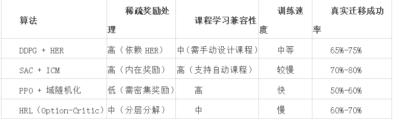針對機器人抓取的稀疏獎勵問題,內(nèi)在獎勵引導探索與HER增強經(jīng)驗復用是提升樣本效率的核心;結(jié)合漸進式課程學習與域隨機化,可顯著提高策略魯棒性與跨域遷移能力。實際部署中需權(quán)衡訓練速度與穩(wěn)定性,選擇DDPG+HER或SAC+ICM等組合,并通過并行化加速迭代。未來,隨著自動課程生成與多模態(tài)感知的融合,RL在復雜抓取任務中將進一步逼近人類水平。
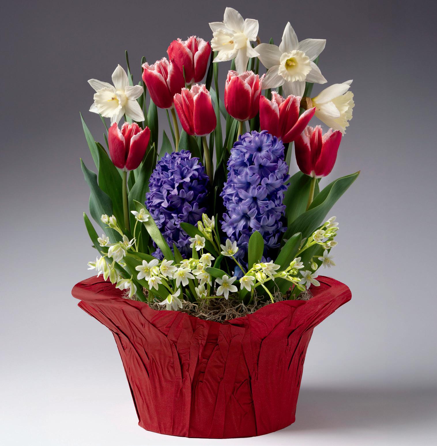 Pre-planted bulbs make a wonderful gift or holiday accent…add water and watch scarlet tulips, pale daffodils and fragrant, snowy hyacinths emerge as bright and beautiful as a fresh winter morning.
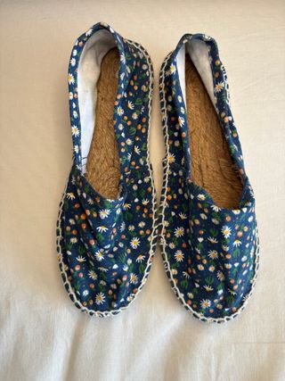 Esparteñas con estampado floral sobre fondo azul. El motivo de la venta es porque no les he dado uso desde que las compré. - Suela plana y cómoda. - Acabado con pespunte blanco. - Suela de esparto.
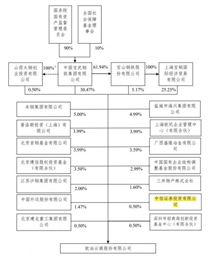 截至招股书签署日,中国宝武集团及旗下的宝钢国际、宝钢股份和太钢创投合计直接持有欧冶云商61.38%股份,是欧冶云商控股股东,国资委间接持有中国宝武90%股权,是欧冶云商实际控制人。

+++

Brief » When you retype the listing above, keep each line exactly as written and drop the pictures.

Your solution »
針對機器人抓取的稀疏獎勵問題,內(nèi)在獎勵引導探索與HER增強經(jīng)驗復用是提升樣本效率的核心;結(jié)合漸進式課程學習與域隨機化,可顯著提高策略魯棒性與跨域遷移能力。實際部署中需權(quán)衡訓練速度與穩(wěn)定性,選擇DDPG+HER或SAC+ICM等組合,并通過并行化加速迭代。未來,隨著自動課程生成與多模態(tài)感知的融合,RL在復雜抓取任務中將進一步逼近人類水平。
 Pre-planted bulbs make a wonderful gift or holiday accent…add water and watch scarlet tulips, pale daffodils and fragrant, snowy hyacinths emerge as bright and beautiful as a fresh winter morning.
 Esparteñas con estampado floral sobre fondo azul. El motivo de la venta es porque no les he dado uso desde que las compré. - Suela plana y cómoda. - Acabado con pespunte blanco. - Suela de esparto.
 截至招股书签署日,中国宝武集团及旗下的宝钢国际、宝钢股份和太钢创投合计直接持有欧冶云商61.38%股份,是欧冶云商控股股东,国资委间接持有中国宝武90%股权,是欧冶云商实际控制人。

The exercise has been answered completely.